The following paragraph summarizes the results of the patent Viallat et al., 202223, which has been thoroughly externally reviewed. It is shown on 9 controls and 14 sickle cell patients that almost all RBC from controls (mean values of 99%) adopted a tank-tread motion while only a fraction of RBC from sickle cell patients did (mean value 0.70 ± 0.12) with no overlapping distributions. It is also shown on several patients that this ratio measured at the time of hospitalization during a vaso-occlusive crisis was significantly lower than the range observed out of a crisis obtained from a 6-month weekly observation of this ratio, i.e. mean value ± twice the standard deviation. A “master” curve was also obtained, indicating a net decrease of this ratio 2-3 days before the crisis. The marker is sufficiently reliable to be used in the context of sickle cell disease. We showed that this marker is patient-specific.

Data generation method

The RBC concentration of the suspension was chosen low enough that the cells do not interact with their neighbors located in the same horizontal plane. However, the velocity of a cell depends on its distance from the bottom wall so that distant ones can catch up and overtake the ones closer to the bottom wall.
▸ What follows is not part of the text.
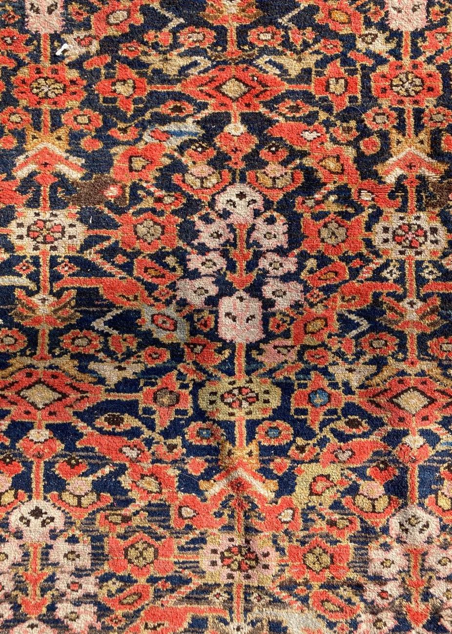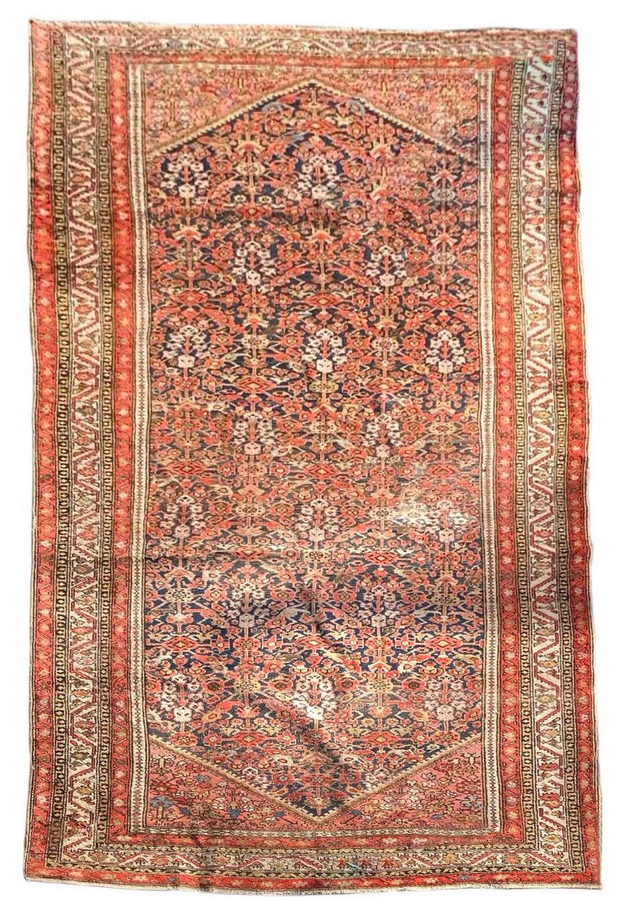 Tappeto Malayer, cm 400x195. Persia occidentale. Epoca 1940-50. Ordito e trama in cotone, vello e lana. Zone consunte.

When a fast cell overtakes a slow one, a temporary interaction is possible but this only concerns a few images and we have never observed any destabilization of motion. These few images are eliminated during the tracking and are not taken into account for the determination of the motion. The number of these images is small enough to never completely mask a flip of a cell that could induce an error on its type of movement.

Accession codes

The dataset is publicly available here 10.5281/zenodo.5723606; and the neural network pipeline is also publicly released along with pretrained models and the code to test the pipeline in the form of Jupyter notebooks at github.com/icannos/redbloodcells_disease_classification.